Background

Lipoprotein lipase (LPL) is a member of the lipase gene family, which includes lipases in the pancreas, liver, and endothelium and plays a critical role in metabolism of triglyceride (TG) by hydrolyzing TG-rich lipoprotein to free fatty acids using apolipoprotein C-II (apoC-II) as a cofactor. Alterations or mutations in the LPL gene could result in massive accumulation of chylomicrons and profound fasting hypertriglyceridemia (HTG)[1]. Patients with severe HTG (TG > 11.3 mmol/l) usually suggest genetic reasons and show clinical features of recurrent attacks of pancreatitis, hepatosplenomegaly, lipemia retinalis and eruptive xanthomas. The primary severe HTG may be caused by gene mutations, including deficiency of LPL, apoC-II and apoA-V, correspondingly to mutations of LPL, APOC2, and APOA5 genes, respectively[2, 3]. Recently, other two novel proteins were identified to be essential for proper LPL function, i.e., lipase maturation factor1 (LMF1) and glycosylphosphatidylinositol-anchored high-density lipoprotein-binding protein 1 (GPIHBP1); thus, they are of importance for studying HTG[4, 5], although mutations of LPL gene are responsible for the most common form of primary severe HTG.

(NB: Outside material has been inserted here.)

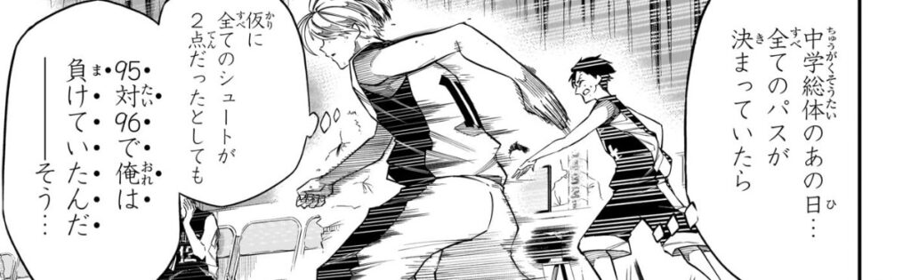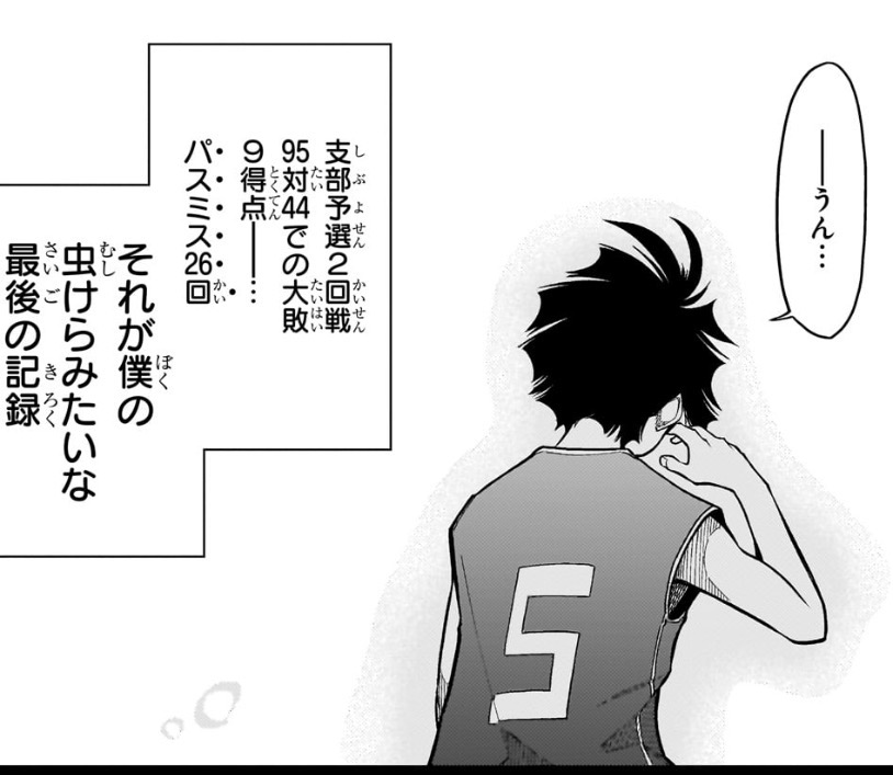 これについては「いつもイキって無茶して誰もいない所にパスを出してしまう」とのことですが、そんな適正皆無なPG(サッカーのボランチ的ポジション)を副キャプテンの背番号である5番に据えたうえで全国優勝する学校に95-44と、抱えた爆弾の割にはかなり善戦した主人公の学校。

Human LPL gene is composed of 10 exons and spans approximately 30 kb on chromosome 8p22 encoding a protein with 448 amino acids[6]. LPL gene mutations include insertion, duplication, deletion, nonsense, frameshift, or missense mutations. Most LPL gene mutations-caused LPL deficiency are due to missense mutations, although other types of mutations have been previously reported[7]. To date, there are over a hundred LPL gene mutations reported in the literature to cause clinical hyperchylomicronemia syndrome in the Human Gene Mutation Database. In this study, we described a novel LPL gene missense mutation (L279V) in two Chinese patients with severe HTG and acute pancreatitis.

Subjects and methods

Subjects

In the present study, a 28-year-old female Han Chinese with her first pregnancy during the third trimester was admitted to our emergency room and diagnosed with acute pancreatitis. Several days prior to this episode, lactescent levels were elevated in her serum however this was not noted. When admitted, blood tests revealed extremely high serum levels of HTG (TG 79 mmol/l, while normal ranges are 0.0-1.7 mmol/l). Following immediate cesarean section, she gave birth to a healthy baby girl and then was treated with dietary restriction and supportive treatment for 28 days, then discharged from the hospital.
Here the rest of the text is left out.